How You Can Support Asian Communities in the U.S.
Updated: May 26, 2022
Over the last two years, violence, discrimination, and harassment against Asian people have prevailed at an alarming rate across the U.S. Due in part to misinformed and hateful rhetoric around COVID-19 and its origins, Asian American communities around the country and the world have had to deal with harassment ranging from micro-aggressions to outright violence.
According to the organization Stop AAPI Hate, a total of 10,905 hate incidents against Asian American and Pacific Islander (AAPI) persons were reported between March 19, 2020 and December 31, 2021. Of incidents reported, 4,632 occurred in 2020 (42.5%) and 6,273 occurred in 2021 (57.5%).

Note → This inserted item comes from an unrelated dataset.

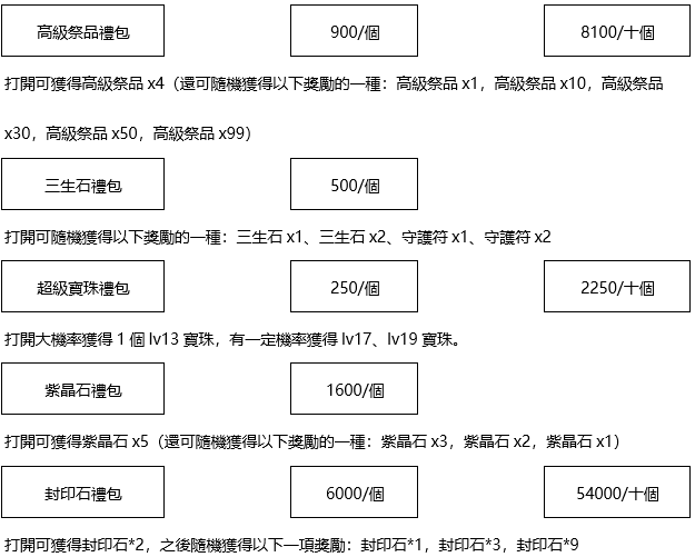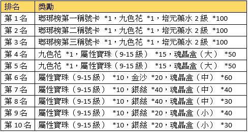 活動獎勵:與之前一致,請參照遊戲內。

How can we all support our Asian American friends, neighbors, and the larger community during this time? Here are some resources to get started.
Provide Monetary Support
From Stop AAPI Hate and the Asian Pacific Fund to Asian Americans Advancing Justice and the Asian Mental Health Collective, there are many worthwhile organizations you can support to stand in solidarity with Asian Americans.
Support Asian American-owned businesses.
While nearly all small businesses have suffered during the pandemic, Asian American-owned businesses, especially restaurants, were among the most affected. Find out which of your local businesses are Asian American-owned and purchase their goods and services. If you’re ordering from a restaurant, try to order directly through the establishment instead of third-party pick-up/delivery services so that all of your money goes to the restaurant.
You can also donate to organizations like Welcome to Chinatown, which gives support to local businesses.
Read, watch, listen, and learn.
We all progress by learning about each other’s experiences and histories. Educate yourself by listening to podcasts like “Asian America: the Ken Fong Podcast,” Self Evident: Asian America's Stories, and “Asian Enough” by the LA Times. You can also watch documentaries like “Asian Americans.”
Read historian Erika Lee’s The Making of Asian America: A History, or novels like American Born Chinese, Mambo in Chinatown, The Sympathizer, or The Leavers.
The more we know about each other, the more we can recognize our similarities and celebrate our differences. Let's look out for each other and stand up against racism together.